Could each entry below be written out exactly, with every picture dropped?

# # # #

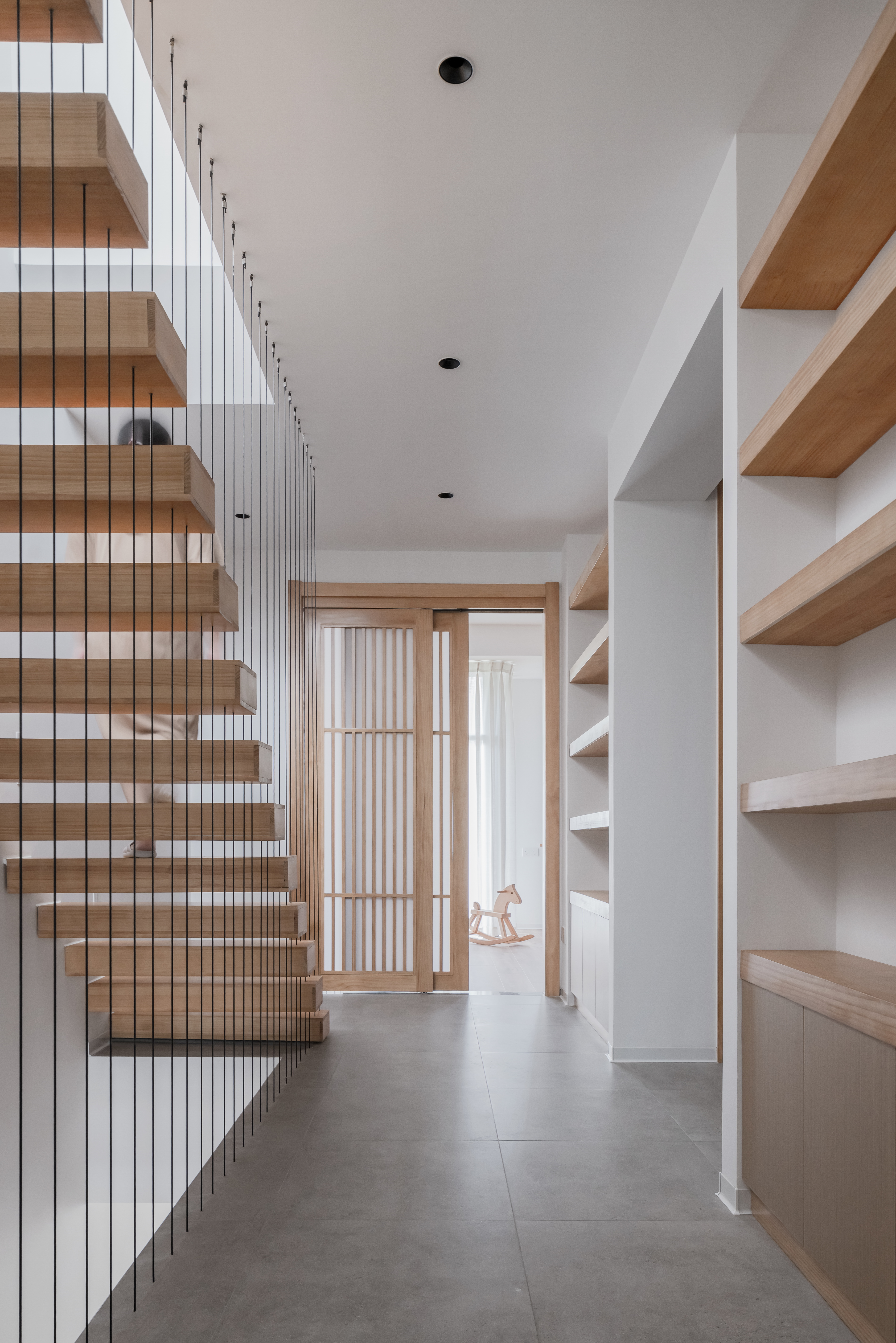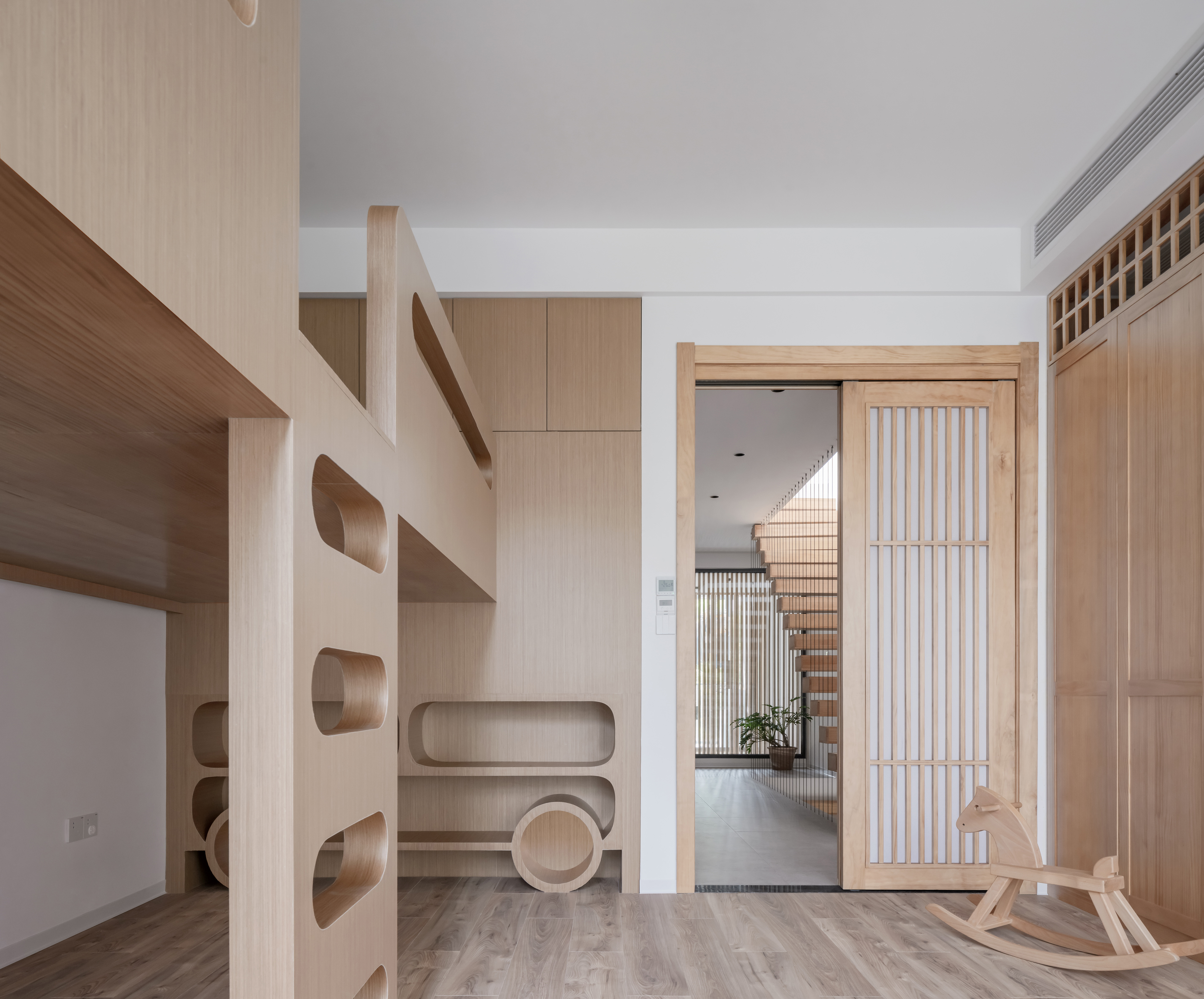 二楼主要是小朋友房间及长辈房,因此特意在楼梯过道处增加了书架,方便小朋友日常阅读
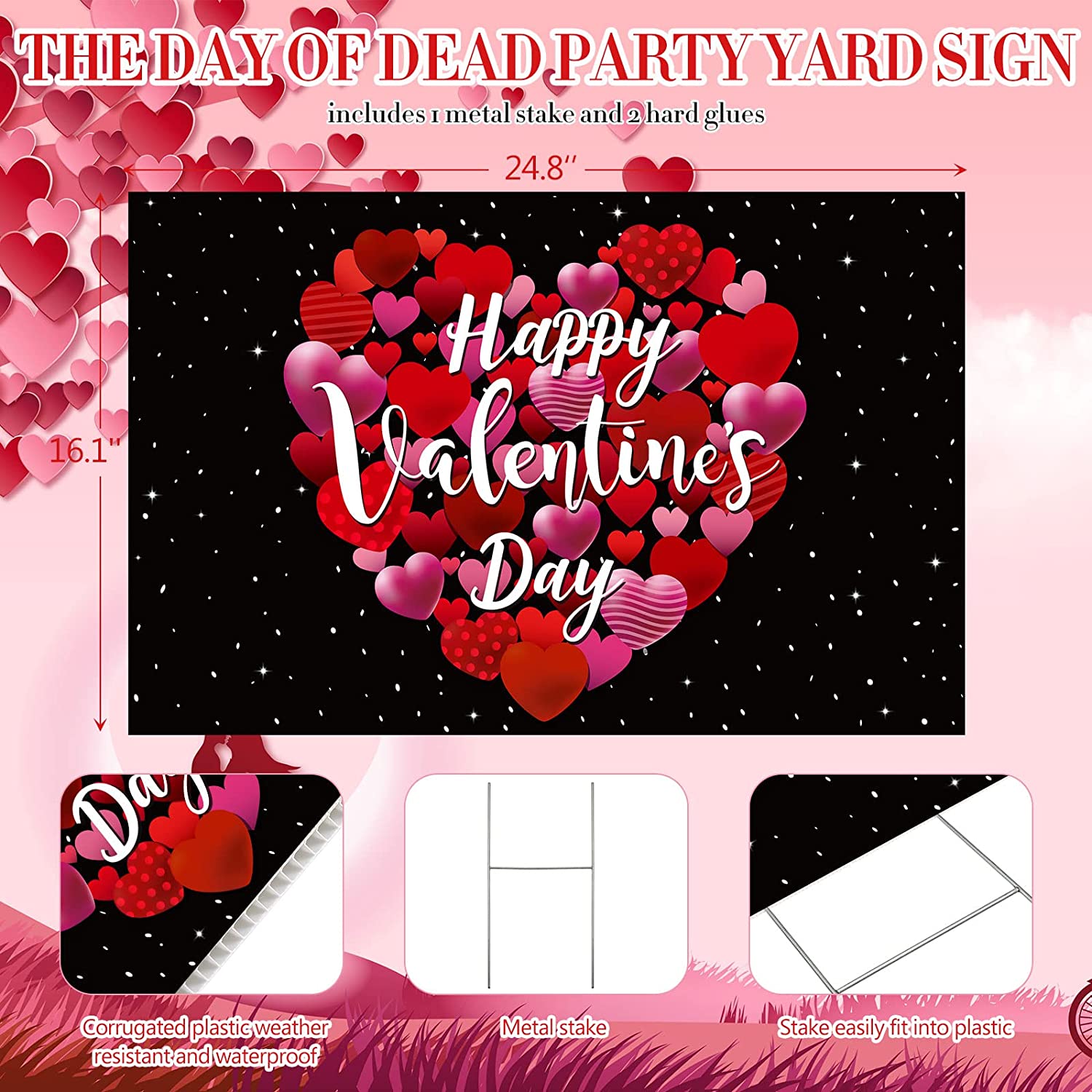 - Package Include: you will get 1 set of Valentine's Day party yard sign with a H shaped metal bracket and 4 pieces of fixed hard glues, the happy Valentine's Day yard signs measure about 24.8 x 16.14 inches, the suitable size will not appear too small or too big, these Valentine's Day yard signs will attract people's attention and become a beautiful landscape
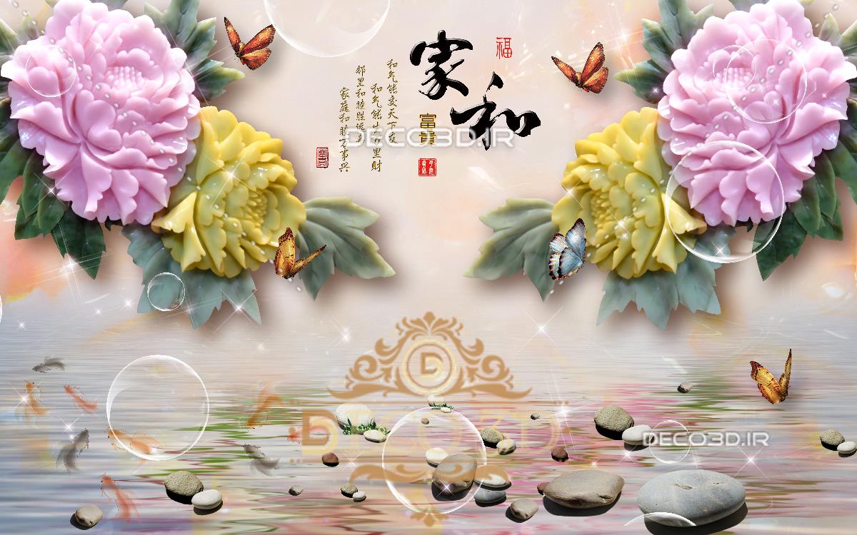 پس زمینه صورتی و گلهای نگین دار و پروانه
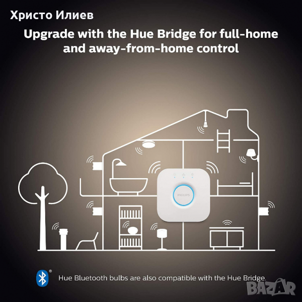 Представям Ви новата гама Bluetooth Крушки на Philips - сега е по-лесно от всякога да започнете с интелигентно домашно осветление. Не е необходима сложна инсталация, просто завийте новите крушки и започнете да контролирате интелигентните си LED светлини направо от кутията с помощта на „Philips Hue Bluetooth“ приложение. Или опитайте да управлявате осветлението си с гласа си, като използвате Alexa или Google Assistant за гласово управление без ръце. С гамата от бели нюанси на Philips, изпитайте комфортна, мека бяла светлина във вашата стая с напълно регулируемо интелигентно управление на осветлението.
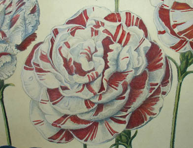 Scholar Rodney King described this print as follows: “Carnations are cultivated forms of Dianthus caryophyllus. Many varieties have been bred such as those shown in this picture, which was painted by Peter Henderson. These belong to what are called ‘florist’s flowers,’ that is, varieties conforming to certain recognized standards. Those with broad stripes of one colour were classed as ‘Flakes’: the Flakes in this group were named by Thornton ‘Palmers’s Dutchess of Dorset’ and ‘Palmer’s Defiance’. Those with stripes of two or three colours were known as ‘Bizarres’: Thornton called the Bizarres in this group ‘Caustin’s British Monarch’ and ‘Midwinter’s Dutchess of Wurtemburg.’ Those with toothed and coloured edges to the petals were ‘Piquettes,’ in this case ‘Davey’s Defiance’ and ‘Princess of Wales.'” (Ronald King. The Temple of Flora by Robert Thornton. 1981, p. 60).
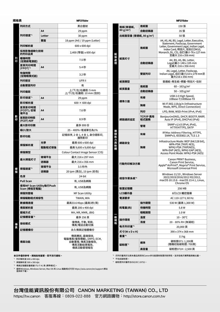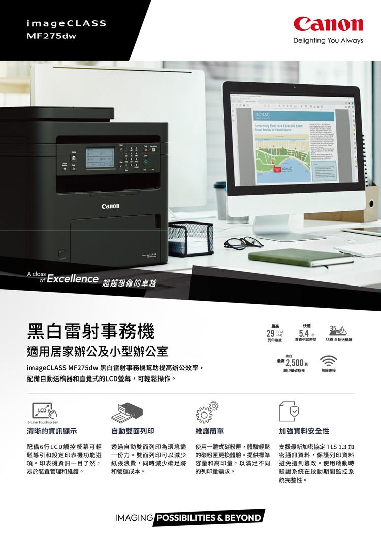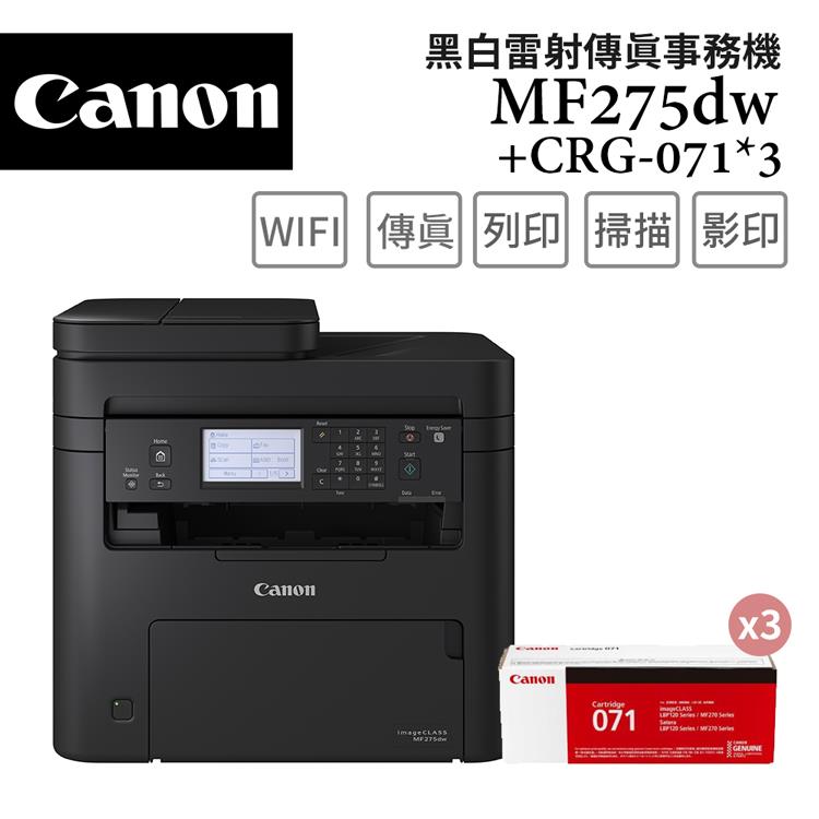 Canon imageCLASS MF275dw 黑白雷射傳真事務機+CRG-071 原廠碳粉匣(3支)
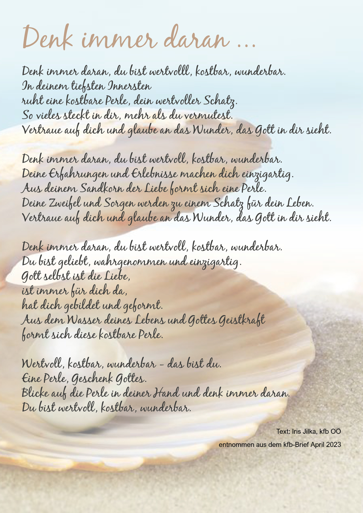 Nicht nur der von Kurat Dr. Anton-Joseph Ilk vorgetragene Brief einer Mutter an ihre Kinder, sondern auch die schöne musikalische Gestaltung und der abschließende Text "Denk immer daran" verliehen dem Muttertagsgottesdienst eine besondere Note.
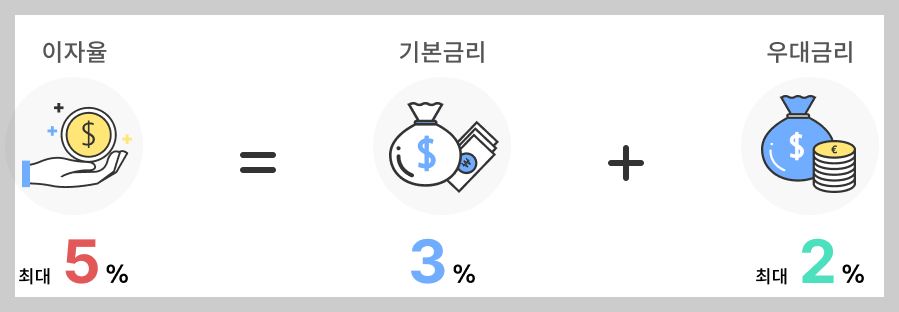 기본 금리는 3%이며 우대 금리를 최대 2%까지 추가로 받을 수 있어 연 최고 5%의 금리가 적용됩니다.
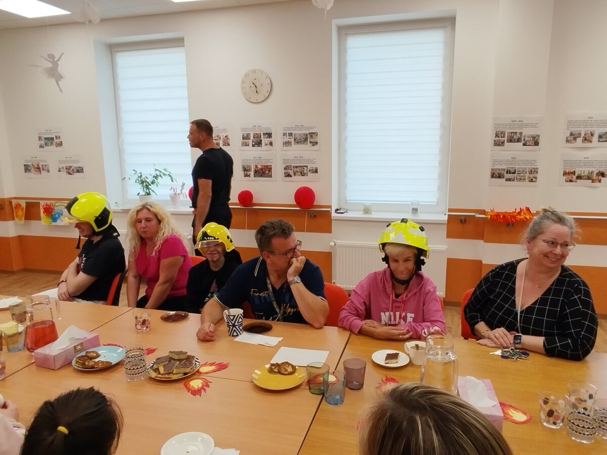 Po desáté hodině vládlo v Denním stacionáři Šimon napětí. V rámci celoročního projektu „Ten dělá to a ten zas tohle“ totiž měli dorazit na návštěvu tolik očekávaní profesionální hasiči a povyprávět uživatelům o své práci. O tom, čemu musí umět čelit, i co dělá jejich práci zajímavou.
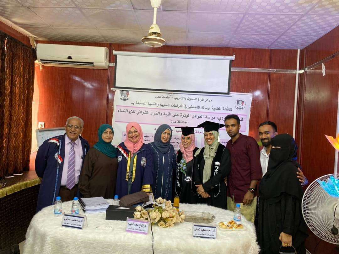 منح مركز دراسات المرأة جامعة عدن درجة الماجستير في برنامج الدراسات النسوية والتنمية للباحثتين إجلال نوشاد ، وارزاق سمير ، جامعة عدن بتقدير امتياز .

# # # #

WRITTEN SOLUTION
 二楼主要是小朋友房间及长辈房,因此特意在楼梯过道处增加了书架,方便小朋友日常阅读
 - Package Include: you will get 1 set of Valentine's Day party yard sign with a H shaped metal bracket and 4 pieces of fixed hard glues, the happy Valentine's Day yard signs measure about 24.8 x 16.14 inches, the suitable size will not appear too small or too big, these Valentine's Day yard signs will attract people's attention and become a beautiful landscape
 پس زمینه صورتی و گلهای نگین دار و پروانه
 Представям Ви новата гама Bluetooth Крушки на Philips - сега е по-лесно от всякога да започнете с интелигентно домашно осветление. Не е необходима сложна инсталация, просто завийте новите крушки и започнете да контролирате интелигентните си LED светлини направо от кутията с помощта на „Philips Hue Bluetooth“ приложение. Или опитайте да управлявате осветлението си с гласа си, като използвате Alexa или Google Assistant за гласово управление без ръце. С гамата от бели нюанси на Philips, изпитайте комфортна, мека бяла светлина във вашата стая с напълно регулируемо интелигентно управление на осветлението.
 Scholar Rodney King described this print as follows: “Carnations are cultivated forms of Dianthus caryophyllus. Many varieties have been bred such as those shown in this picture, which was painted by Peter Henderson. These belong to what are called ‘florist’s flowers,’ that is, varieties conforming to certain recognized standards. Those with broad stripes of one colour were classed as ‘Flakes’: the Flakes in this group were named by Thornton ‘Palmers’s Dutchess of Dorset’ and ‘Palmer’s Defiance’. Those with stripes of two or three colours were known as ‘Bizarres’: Thornton called the Bizarres in this group ‘Caustin’s British Monarch’ and ‘Midwinter’s Dutchess of Wurtemburg.’ Those with toothed and coloured edges to the petals were ‘Piquettes,’ in this case ‘Davey’s Defiance’ and ‘Princess of Wales.'” (Ronald King. The Temple of Flora by Robert Thornton. 1981, p. 60).
 Canon imageCLASS MF275dw 黑白雷射傳真事務機+CRG-071 原廠碳粉匣(3支)
 Nicht nur der von Kurat Dr. Anton-Joseph Ilk vorgetragene Brief einer Mutter an ihre Kinder, sondern auch die schöne musikalische Gestaltung und der abschließende Text "Denk immer daran" verliehen dem Muttertagsgottesdienst eine besondere Note.
 기본 금리는 3%이며 우대 금리를 최대 2%까지 추가로 받을 수 있어 연 최고 5%의 금리가 적용됩니다.
 Po desáté hodině vládlo v Denním stacionáři Šimon napětí. V rámci celoročního projektu „Ten dělá to a ten zas tohle“ totiž měli dorazit na návštěvu tolik očekávaní profesionální hasiči a povyprávět uživatelům o své práci. O tom, čemu musí umět čelit, i co dělá jejich práci zajímavou.
 منح مركز دراسات المرأة جامعة عدن درجة الماجستير في برنامج الدراسات النسوية والتنمية للباحثتين إجلال نوشاد ، وارزاق سمير ، جامعة عدن بتقدير امتياز .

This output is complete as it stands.